TRY IT
Return the data below exactly as given, except for the images.

GIVEN MATERIAL
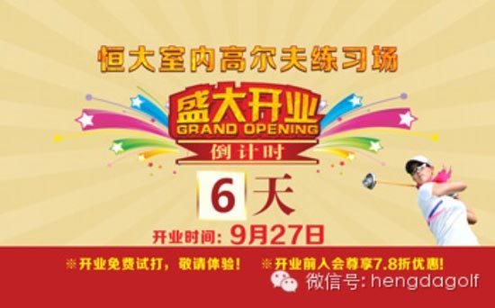 恒大室内高尔夫练习场9月27日盛大开业!开业倒计时“6”天!
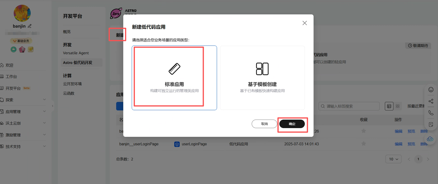 1、华为开发者空间-低代码应用开发平台页面点击新建低代码应用,在弹出的新建低代码应用对话框中,选择标准应用,点击确定按钮。
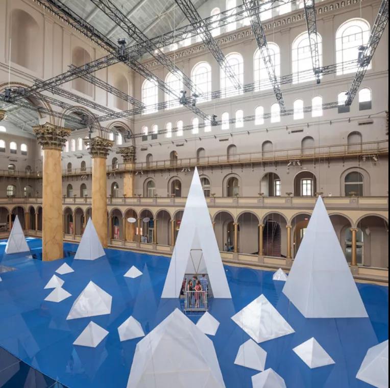 國家建筑博物館和Studio Gang在大禮堂推出最新的夏日街區(qū)派對裝置 "蜂巢"。蜂巢高聳在博物館的最上層,由2700多根纏繞的紙管搭建而成,這種建筑材料是可回收、輕質(zhì)和可再生的。這些紙管的尺寸從10到25厘米不等,并相互交錯,形成三個動態(tài)的相互連接的圓頂房間。
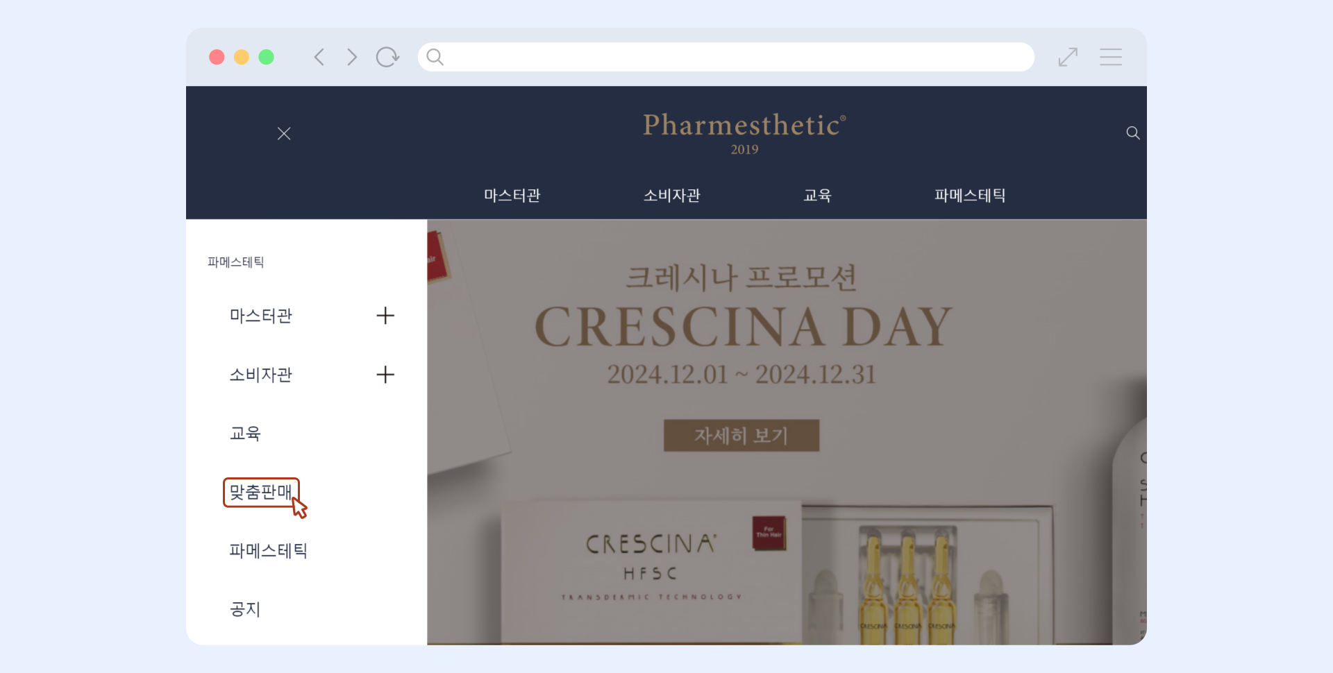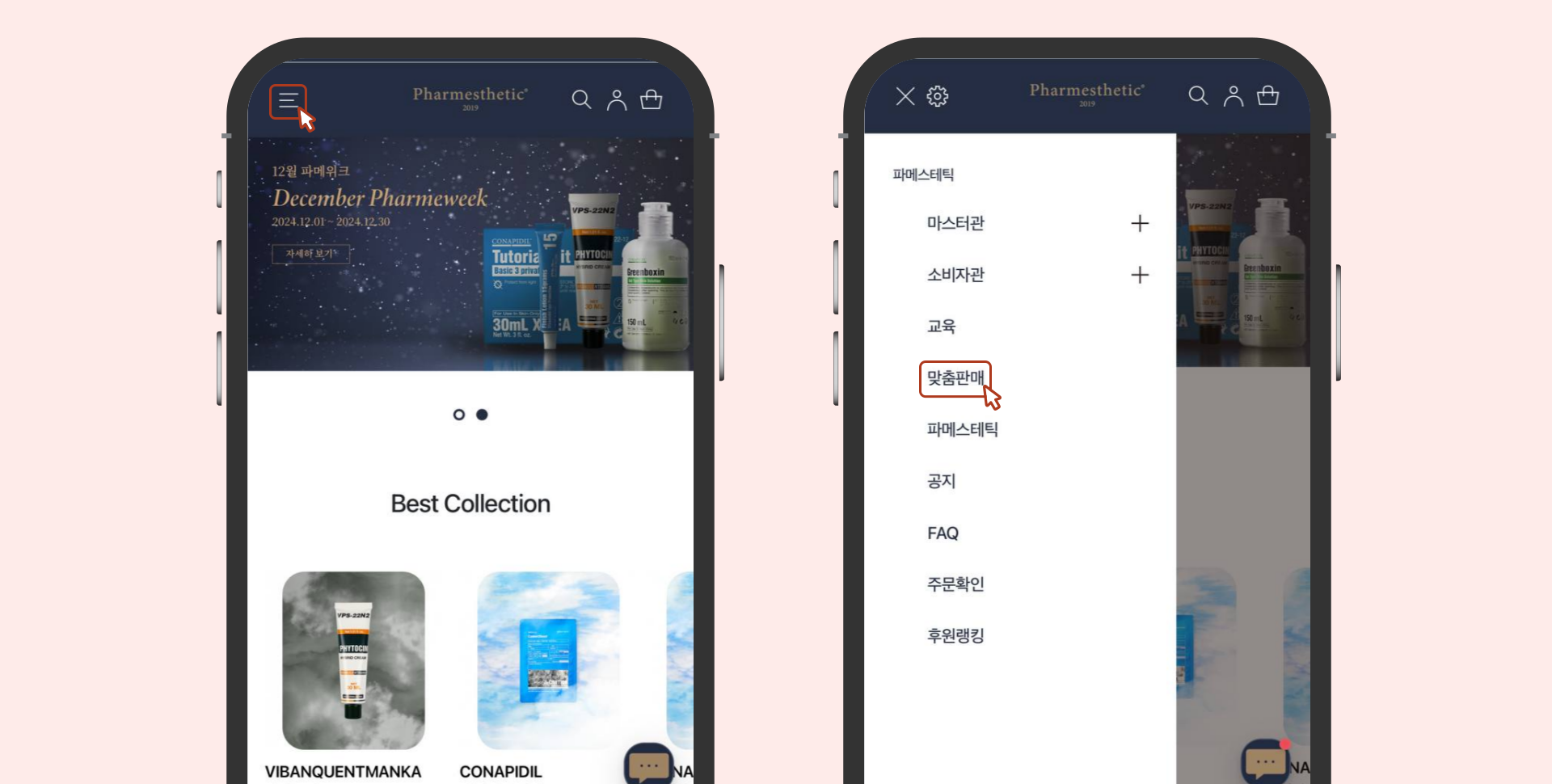 파메스테틱 공식 홈페이지(https://pharmesthetic.com/)에 접속해 왼쪽 상단의 메뉴(☰) 버튼을 눌러주세요.

ANSWER BOX
 恒大室内高尔夫练习场9月27日盛大开业!开业倒计时“6”天!
 1、华为开发者空间-低代码应用开发平台页面点击新建低代码应用,在弹出的新建低代码应用对话框中,选择标准应用,点击确定按钮。
 國家建筑博物館和Studio Gang在大禮堂推出最新的夏日街區(qū)派對裝置 "蜂巢"。蜂巢高聳在博物館的最上層,由2700多根纏繞的紙管搭建而成,這種建筑材料是可回收、輕質(zhì)和可再生的。這些紙管的尺寸從10到25厘米不等,并相互交錯,形成三個動態(tài)的相互連接的圓頂房間。
 파메스테틱 공식 홈페이지(https://pharmesthetic.com/)에 접속해 왼쪽 상단의 메뉴(☰) 버튼을 눌러주세요.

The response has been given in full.